一、目的

作为日志采集工具Flume，它在项目中最常见的就是采集Kafka中的数据然后写入HDFS或者HBase中，这里就是用flume采集Kafka的数据导入HDFS中

二、各工具版本

（一）Kafka

kafka_2.13-3.0.0.tgz

（二）Hadoop（HDFS）

hadoop-3.1.3.tar.gz

（三）Flume

apache-flume-1.9.0-bin.tar.gz

三、实施步骤

（一）到flume的conf的目录下

cd /home/hurys/dc_env/flume190/conf

（二）创建配置文件evaluation.properties

vi evaluation.properties

Name agent, source, channels and sink alias

a1.sources = s1

a1.channels = c1

a1.sinks = k1

define kafka source

a1.sources.s1.type = org.apache.flume.source.kafka.KafkaSource

Maximum number of messages written to Channel in one batch

a1.sources.s1.batchSize = 5000

Maximum time (in ms) before a batch will be written to Channel The batch will be written whenever the first of size and time will be reached.
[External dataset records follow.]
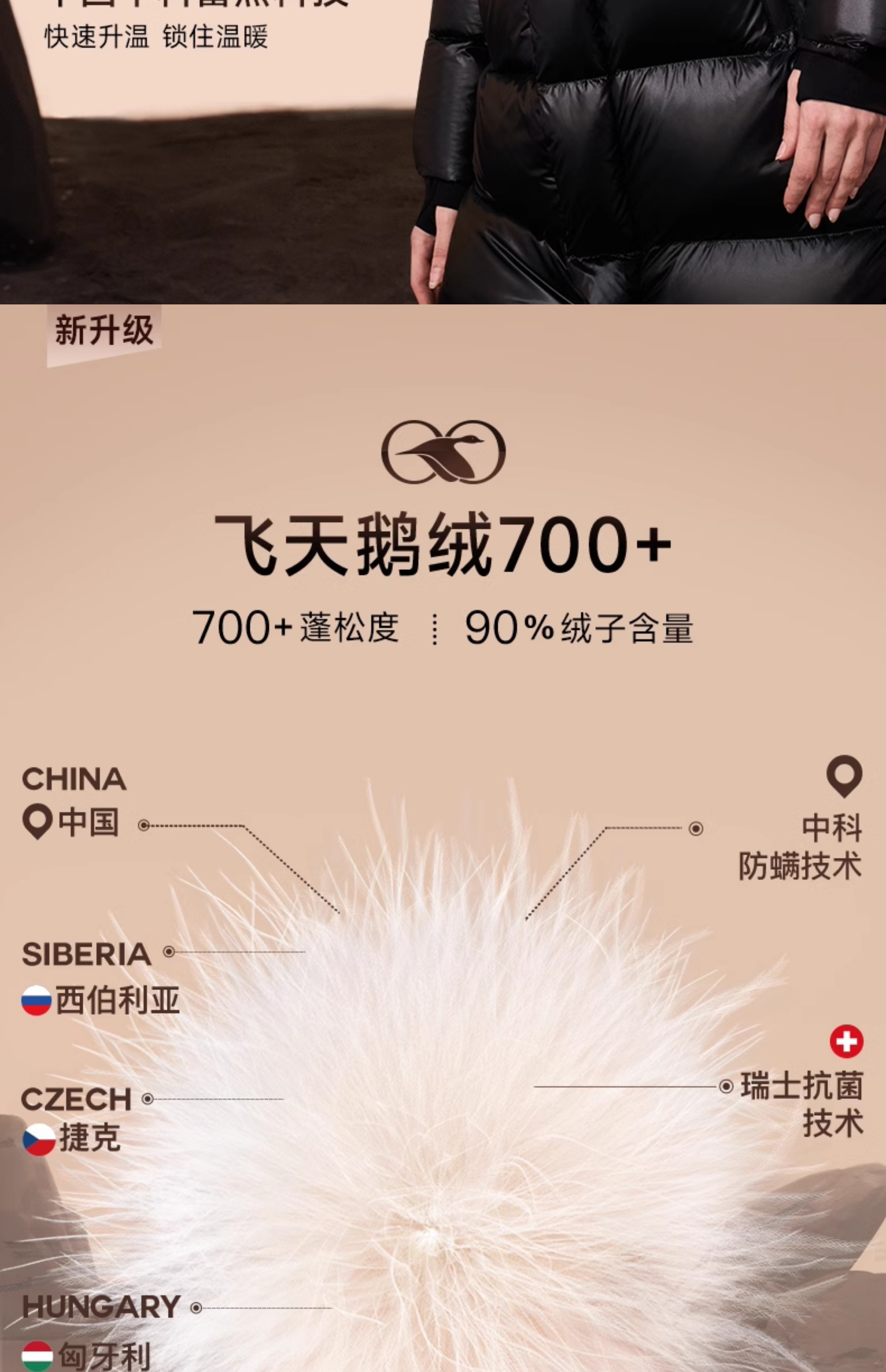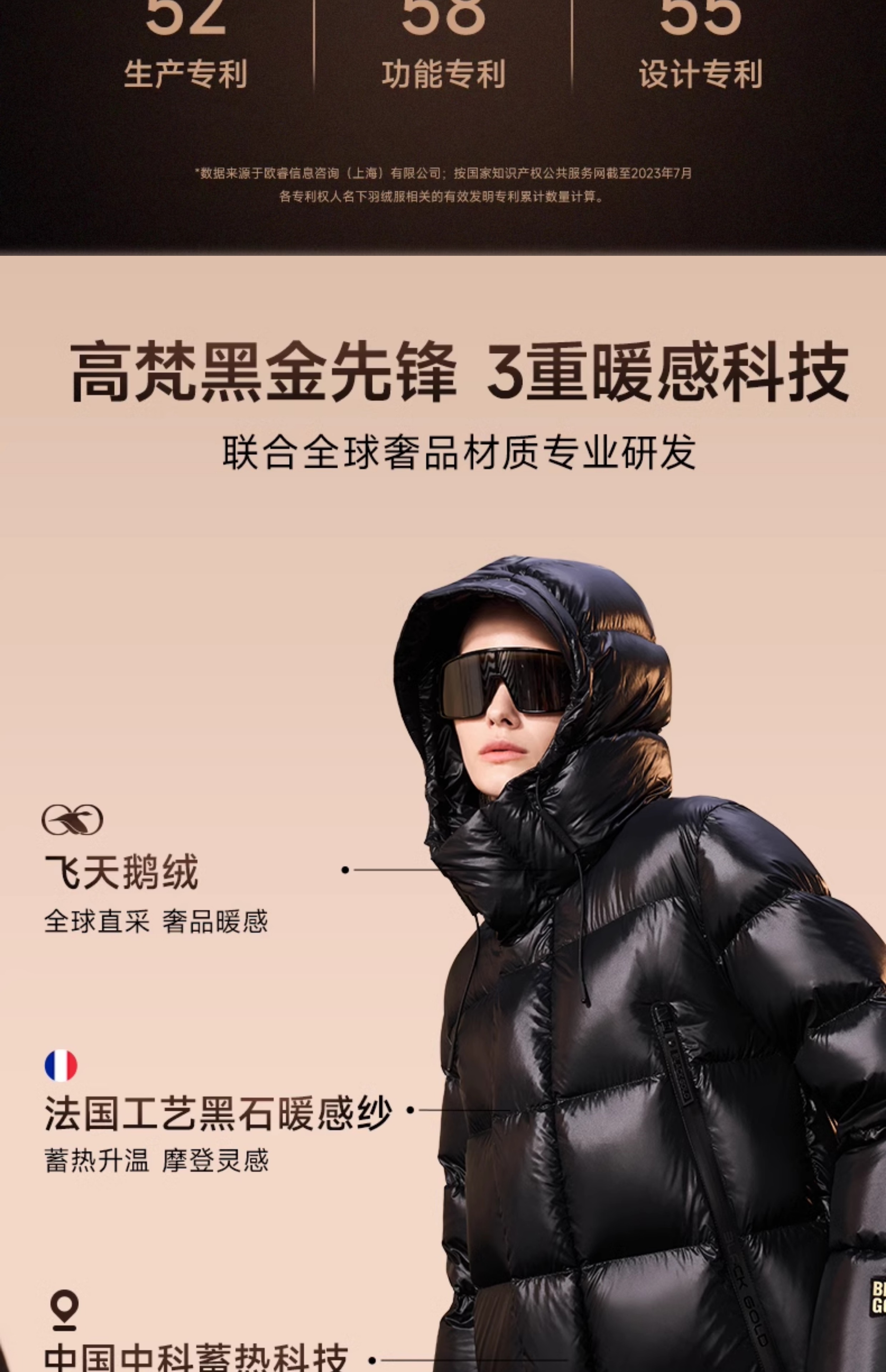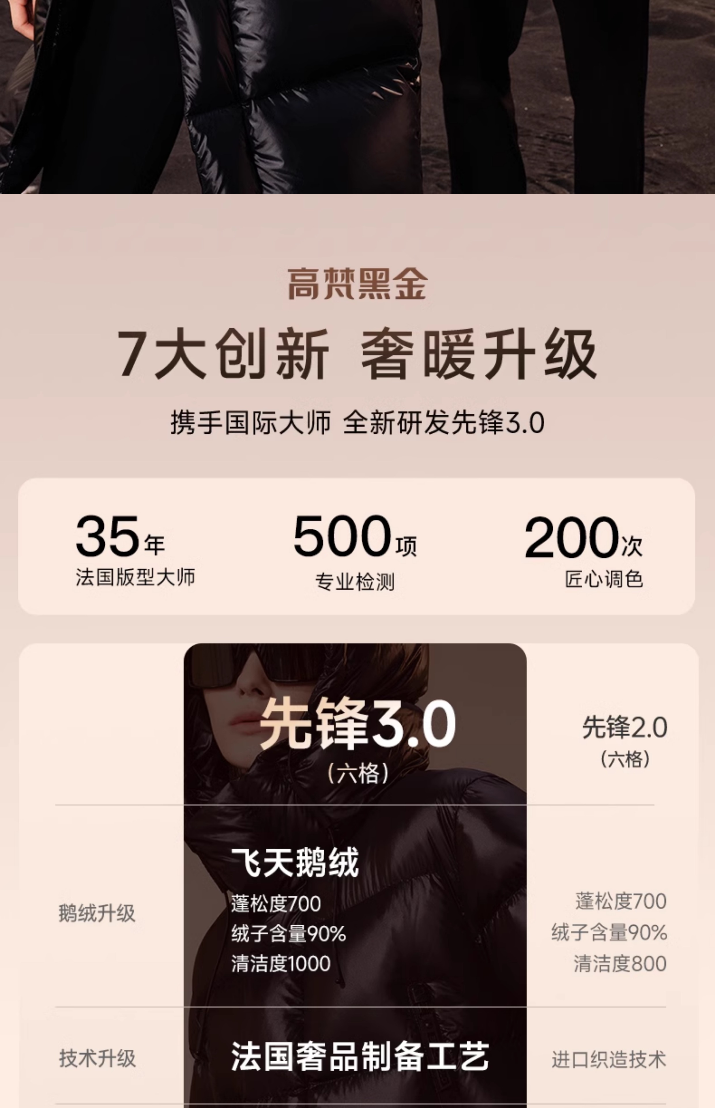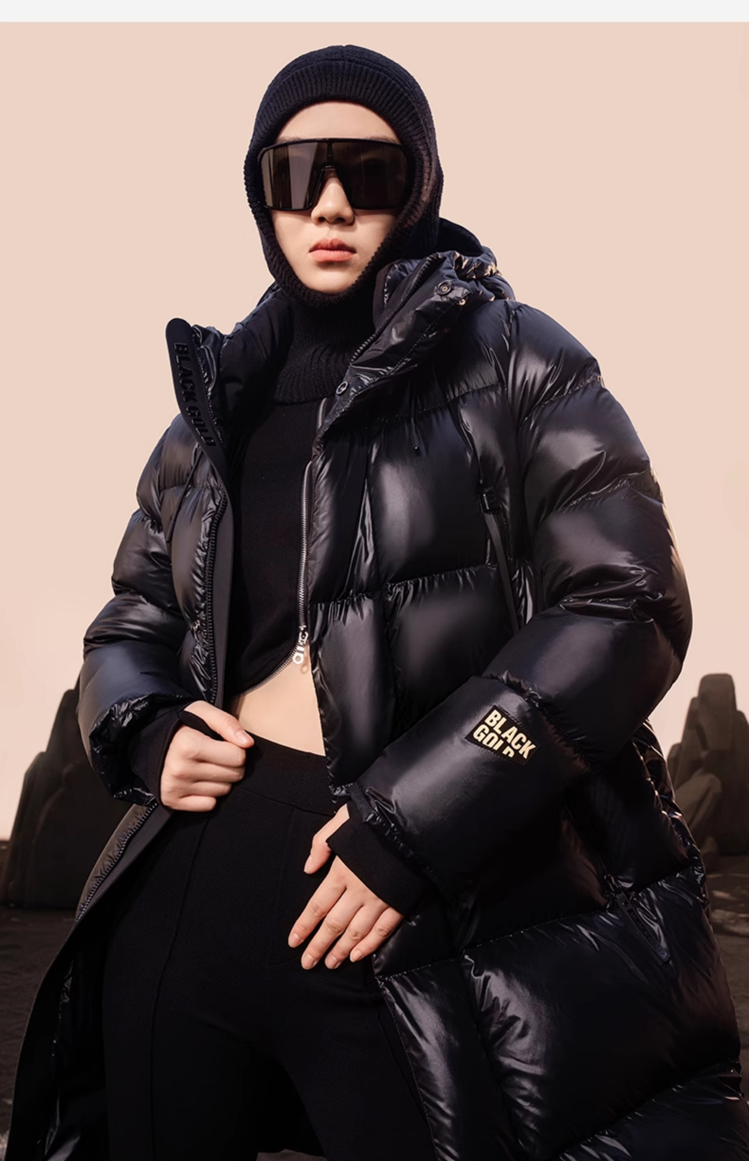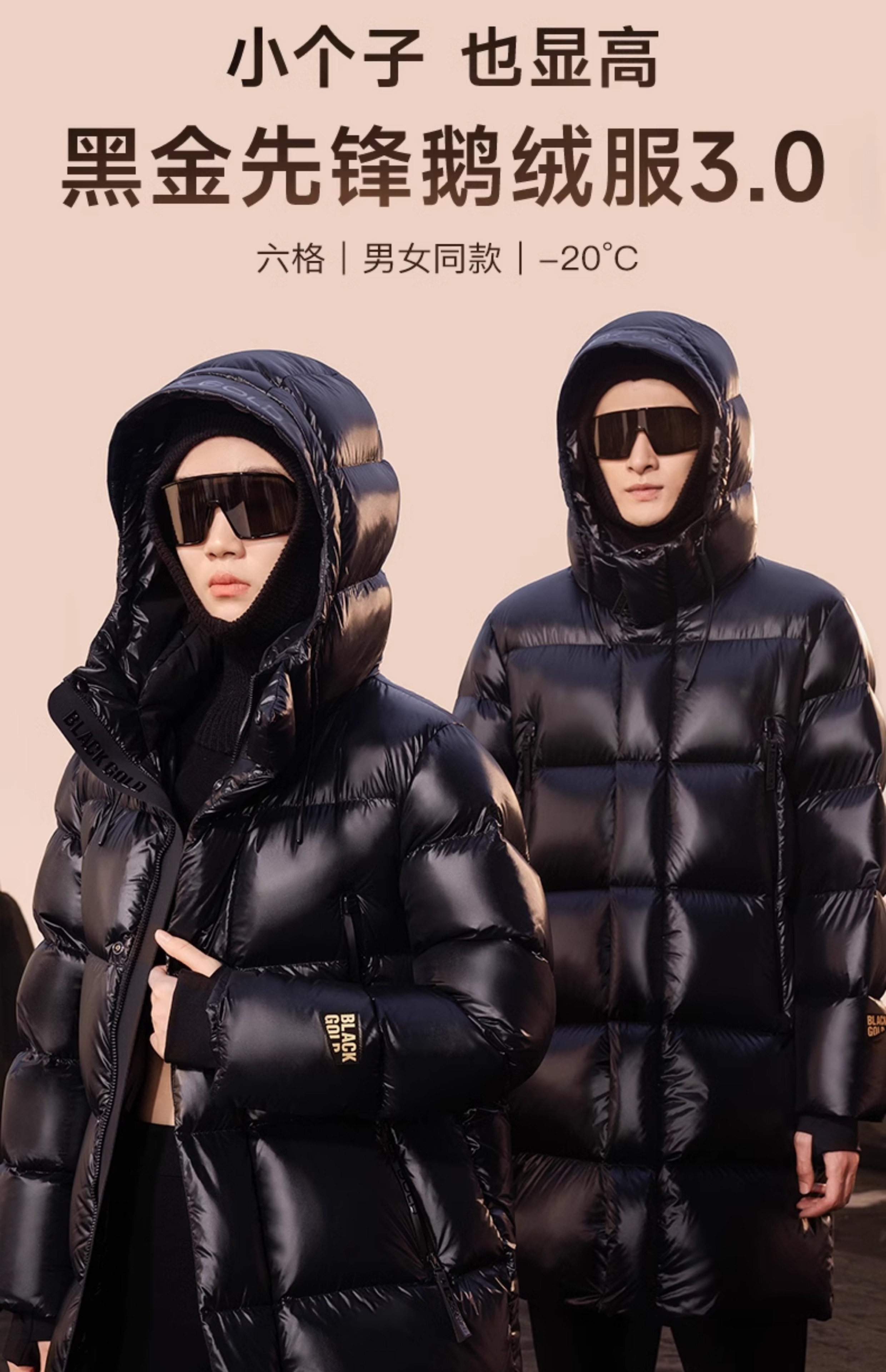 [Same Style as Cecilia Cheung] Gaofan Black Gold Goose down Jacket Pioneer 3.0 Six-Grid down Jacket for Women, Mid-Length, Thickened, Official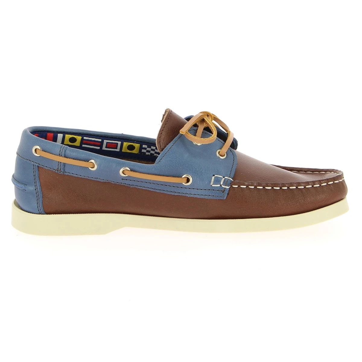 Chaussure bateau en cuir marron et bleu jean ; elle est un grand classique du dressing masculin. Reconnaissable à son lacet en cuir sur les côtés et à ses coutures apparentes, elle est à la fois décontractée et très chic. Un modèle incontournable pour les amateurs de voile ou tout simplement pour agrémenter une tenue détente, en jean ou bermuda. Semelle en gomme très confortable.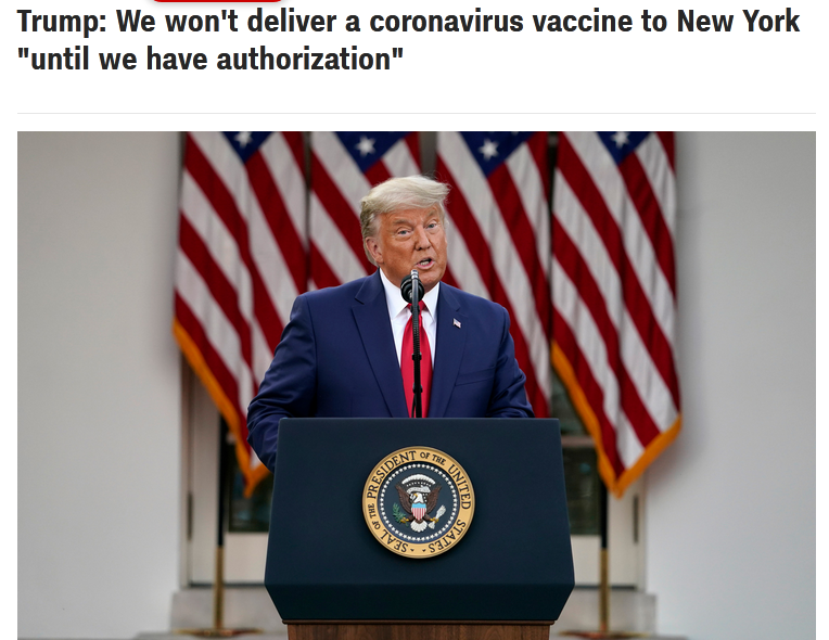 “最快4月份,所有普通民众均可接种疫苗,除了纽约州这样的地方。出于政治原因,该州州长称……希望在疫苗上花点时间”特朗普说,美国政府不能将疫苗送到“一个不会立即将其提供给人民的州”。

a1.sources.s1.batchDurationMillis = 2000

set kafka broker address

a1.sources.s1.kafka.bootstrap.servers = 192.168.0.27:9092

set kafka consumer group Id and offset consume

官网推荐1.9.0版本只设置了topic，但测试后不能正常消费，需要添加消费组id（自己写一个），并定义偏移量消费方式

a1.sources.s1.kafka.consumer.group.id = evaluation_group

a1.sources.s1.kafka.consumer.auto.offset.reset = earliest

set kafka topic

a1.sources.s1.kafka.topics = topic_b_evaluation

defind hdfs sink

a1.sinks.k1.type = hdfs

set store hdfs path

a1.sinks.k1.hdfs.path = hdfs://hurys22:8020/rtp/evaluation/evaluation_%Y-%m-%d

set file size to trigger roll

a1.sinks.k1.hdfs.rollSize = 0

a1.sinks.k1.hdfs.rollCount = 0

a1.sinks.k1.hdfs.rollInterval = 3600

a1.sinks.k1.hdfs.threadsPoolSize = 30

a1.sinks.k1.hdfs.fileType=DataStream

a1.sinks.k1.hdfs.writeFormat=Text

define channel from kafka source to hdfs sink

memoryChannel：快速，但是当设备断电，数据会丢失

FileChannel：速度较慢，即使设备断电，数据也不会丢失

a1.channels.c1.type = file

这里不单独设置checkpointDir和dataDirs文件位置，参考官网不设置会有默认位置

channel store size

a1.channels.c1.capacity = 100000

transaction size

a1.channels.c1.transactionCapacity = 10000

绑定source、channel和sink

a1.sources.s1.channels = c1

a1.sinks.k1.channel = c1

（三）配置文件创建好后启动flume服务

cd /home/hurys/dc_env/flume190/

./bin/flume-ng agent -n a1 -f /home/hurys/dc_env/flume190/conf/evaluation.properties

（四）到HDFS文件里验证一下

HDFS中生成evaluation_2023-09-07 文件夹，里面有很多小文件

（五）注意：小文件里的数据是JSON格式，即使我设置文件后缀名为csv也没用（可能配置文件中的文件类型设置需要优化）